We use different datasets for the initialization and refinement stages. For the former stage, our model needs patches as inputs only. We generate noisy patches based on those randomly sampled from FoJ synthetic datasets [9], which contain basic shapes in grayscale. We assign RGB colors randomly and add noise according to (11). For the latter stage, we use noisy images generated from MS COCO [33] with the same noise model. The ground truth boundary maps are generated by running FoJ [9] with the ground truth color maps. Some training pair samples are shown in Fig. S1.

S2 Quantitative Results of Color Maps

Since different photon levels cause different distribution parameters of pixel values, we normalize the pixel values before calculating the metrics for color maps. Specifically, a color map is normalized through:

\displaystyle P^{\prime}(x,y)=\frac{P(x,y)}{\alpha},

(S1)

where $P(x,y)$ and $\alpha$ is from (11). Then the structural similarity index measure (SSIM), peak signal-to-noise ratio (PSNR), and mean squared error (MSE) are calculated between $P^{\prime}(x,y)$ and $P^{*}(x,y)$ . The quantitative comparison is shown in Tab. S1.

TABLE S1: Quantitative comparison of color maps on noisy images synthesized from BSDS500 [12] and NYUDv2 [34] datasets.

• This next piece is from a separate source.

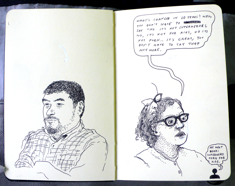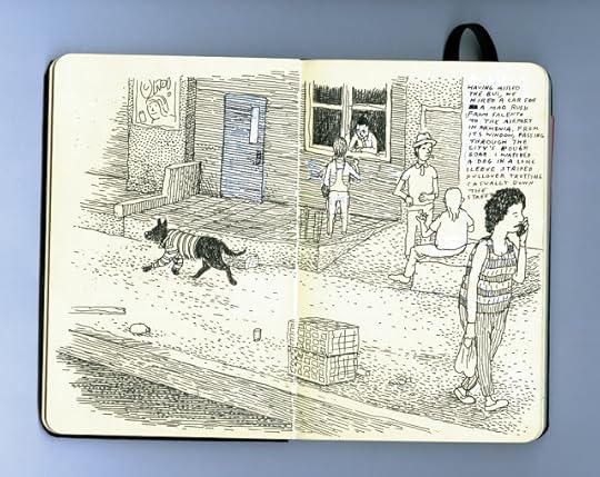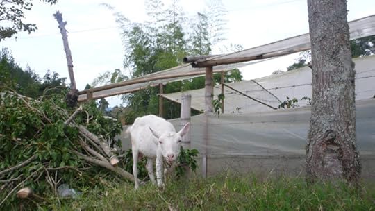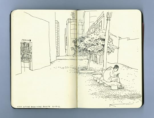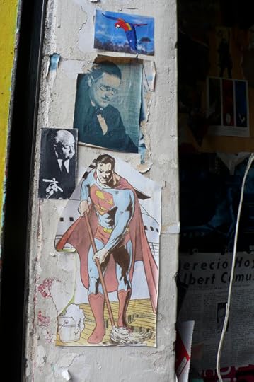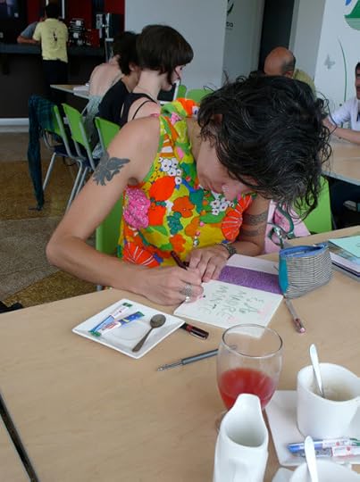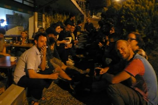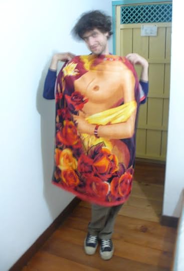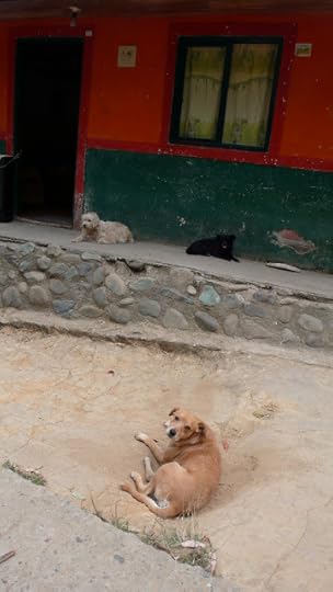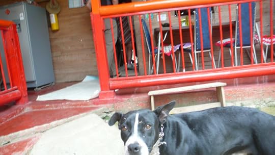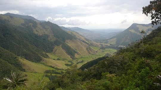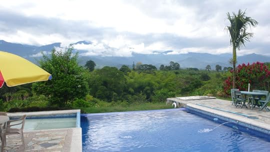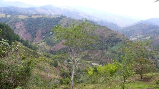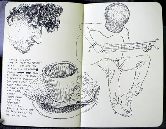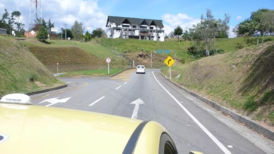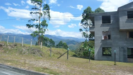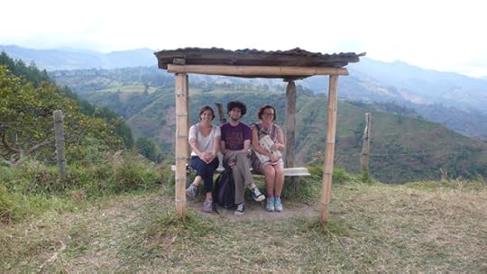 From Medellin we went to the city of Armenia for the main part of the festival. This was the view from our hotel outside Armenia. The drive into the city from here took us past miles of coffee and banana farms. It was a little hard to leave this place. The festival afterparty on the last night in Armenia. In the foreground are French artists Jerome Mulot, Florent Rupert and Peggy Burns. At brunch the next day Power Paola had an amazing dress. She was one of many artists I met who I am very sorry not to be able to read. Her drawing is really great. Below are some photos from out the window of the cab on the way up to Salento where we spent the weekend off before heading to Bogota. I missed a shot of an old discotheque which our driver said had been abandoned when two separate people claimed to have visions of the devil there. This building was apparently once a discotheque run by one of Pablo Escobar's main lieutenants. The next day in Salento we walked down to a coffee plantation and got a tour. Sarah, Fran and Peggy. These three guys were hanging out on the porch listening to super loud salsa music, holding it down, keeping it real. These two guys helped out with the tour.

Photon level $\alpha_{\text{test}}$	Model	BSDS500			NYUDv2
Photon level $\alpha_{\text{test}}$	Model	SSIM $\uparrow$	PSNR(dB) $\uparrow$	MSE( $\times 10^{-2}$ ) $\downarrow$	SSIM $\uparrow$	PSNR(dB) $\uparrow$	MSE( $\times 10^{-2}$ ) $\downarrow$
2	FoJ [9]	0.338	10.712	8.626	0.433	10.657	8.954
	Restormer [4]	0.152	8.492	14.624	0.157	8.567	14.312
	Boundary Attention [1]	0.301	10.952	8.982	0.355	10.791	9.284
	Ours	0.332	10.724	8.606	0.467	10.709	8.870
4	FoJ [9]	0.441	17.212	2.012	0.572	17.619	1.913
	Restormer [4]	0.268	14.918	3.431	0.222	14.920	3.478
	Boundary Attention [1]	0.452	17.785	2.031	0.560	18.103	1.926
	Ours	0.429	17.198	2.024	0.587	17.740	1.885
6	FoJ [9]	0.484	19.780	1.176	0.632	20.799	0.951
	Restormer [4]	0.357	17.496	2.042	0.289	17.800	1.903
	Boundary Attention [1]	0.510	20.542	1.130	0.641	21.633	0.908
	Ours	0.468	19.688	1.209	0.637	20.918	0.947
8	FoJ [9]	0.507	20.900	0.951	0.667	22.427	0.669
	Restormer [4]	0.430	19.258	1.406	0.353	19.706	1.289
	Boundary Attention [1]	0.541	21.768	0.872	0.684	23.500	0.604
	Ours	0.488	20.726	0.996	0.666	22.473	0.679

S3 Additional Qualitative Results

In this section, we show more qualitative comparison results in various photon levels $\alpha_{\text{test}}$ , including color maps, in Fig. S2 and Fig. S3. The proposed method produces more crisp boundaries than some other models, which even have higher ODS F1-scores in Tab. III.